Zatrzymano mężczyzn, którzy przejechali policjanta, a drugiemu złamali rękę
Policjanci zostali ranni, gdy w środę próbowali wylegitymować mężczyzn na drodze koło Sulechowa. Na jednego mundurowego najechali kołem, a drugiemu złamali rękę uderzając drzwiami auta. Padły strzały, jeden z uciekających został postrzelony. Po obławie dwaj przestępcy zostali w czwartek zatrzymani. Nie uciekli daleko. Zatrzymano również kobietę, która pomagała im się ukryć.
Do zdarzenia doszło w miejscowości Klępsk w środę po południu. To miała być rutynowa kontrola. Mężczyźni jechali autem z tablicami rejestracyjnymi z Dolnego Śląska.
ZOBACZ: Strzelaniny w Niemczech. Zginęło 11 osób
- Policjanci przystąpili do wylegitymowania dwóch mężczyzn. Ci jednak nie wykonywali ich poleceń. Wsiedli do samochodu i próbowali odjechać - przekazała polsatnews.pl rzeczniczka komendy w Zielonej Górze.

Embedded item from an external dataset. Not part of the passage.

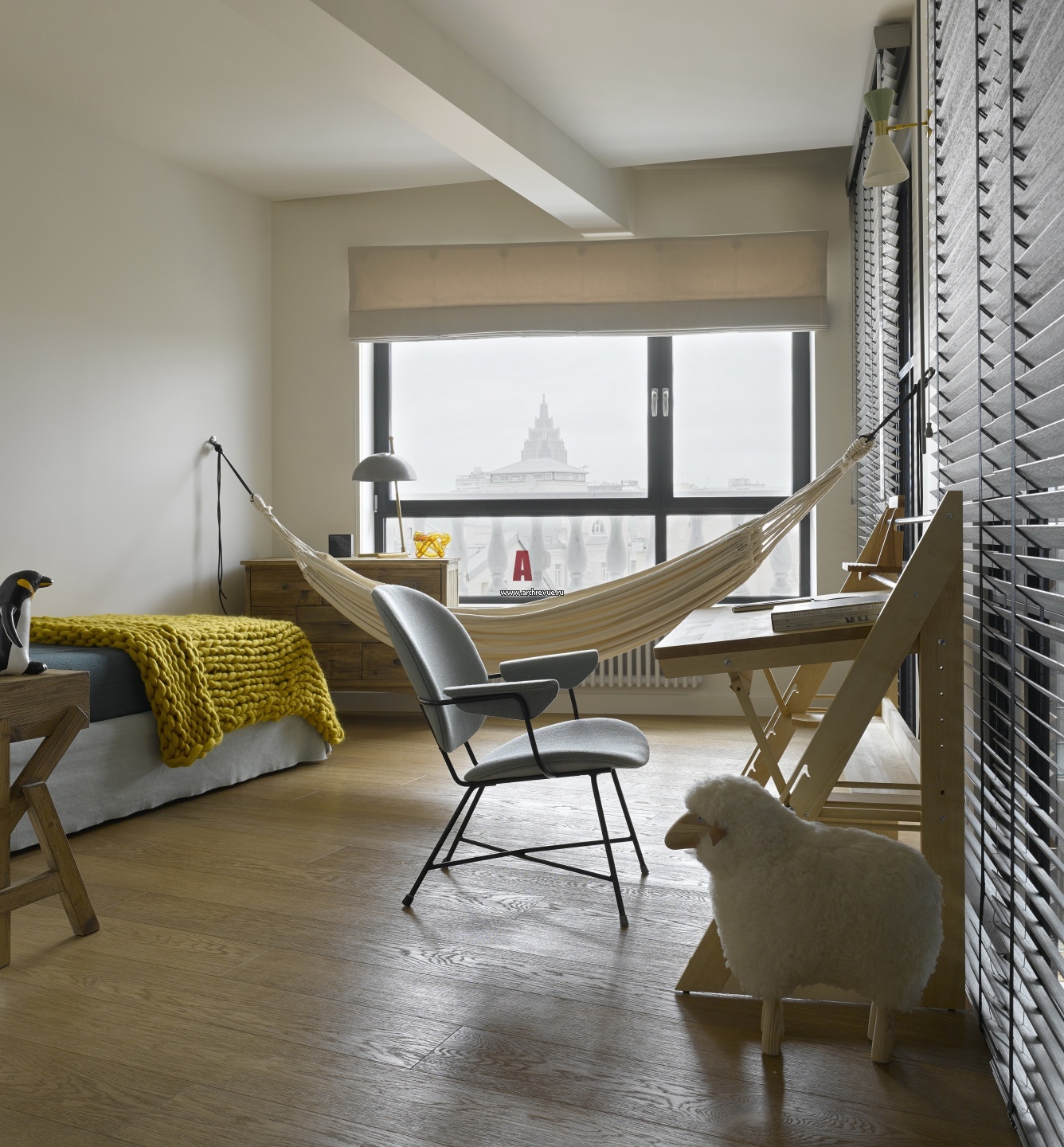 Детская девочки на втором этаже. Кровать, Gervasoni, модель Ghost. Тумбочка и комод, Dialma Brown. Кресло, винтаж.

Jeden policjant przejechany, drugi uderzony drzwiami
Funkcjonariusze starali się powstrzymać ucieczkę. - Wtedy kierujący agresywnie włączył wsteczny bieg i jeden z policjantów został uderzony drzwiami. Drugi z policjantów również został uderzony drzwiami, przewrócił się a następnie został prawdopodobnie przejechany przednim kołem - przekazała podinsp. Barska.
Dodała, że w kierunku odjeżdżającego auta lżej ranny policjant oddał jeszcze strzały, jednak to nie skłoniło kierowcy do zatrzymania się.
- Skrajnie niebezpieczna sytuacja, pokazująca jak niebezpieczna jest służba policyjna i wszystkich służb mundurowych - mówił Polsat News nadkom. Marcin Maludy z lubuskiej policji.
WIDEO: Mężczyźni ukrywali się w dwóch różnych miejscach. W ucieczce i ukrywaniu się w okolicach Sulechowa pomagała im 22-letnia kobieta
ZOBACZ: Omijał wypadek i wjechał w radiowóz. Wpadł na chodnik, potrącił policjanta
Jeden z mężczyzn postrzelony. Do aresztu trafiła też kobieta
- Wykorzystaliśmy naprawdę wszystkie metody operacyjne - mówił o okolicznościach zatrzymania sprawców kom. Maludy. Do poszukiwań przestępców zaangażowano policjantów z wielu powiatów, użyto psów tropiących. - To przyniosło wymierny skutek. Można powiedzieć, że po nitce do kłębka, przez osoby pośrednie docieraliśmy do dwóch mężczyzny - relacjonował.
Mężczyźni ukrywali się w dwóch różnych miejscach. W ucieczce i ukrywaniu się w okolicach Sulechowa pomagała im 22-letnia kobieta. Ona również została zatrzymana.
Jeden z zatrzymanych trafił do szpitala. Okazało się bowiem, że kiedy lżej ranny podczas środowej interwencji policjant oddał strzały, trafił jednego ze zbiegów.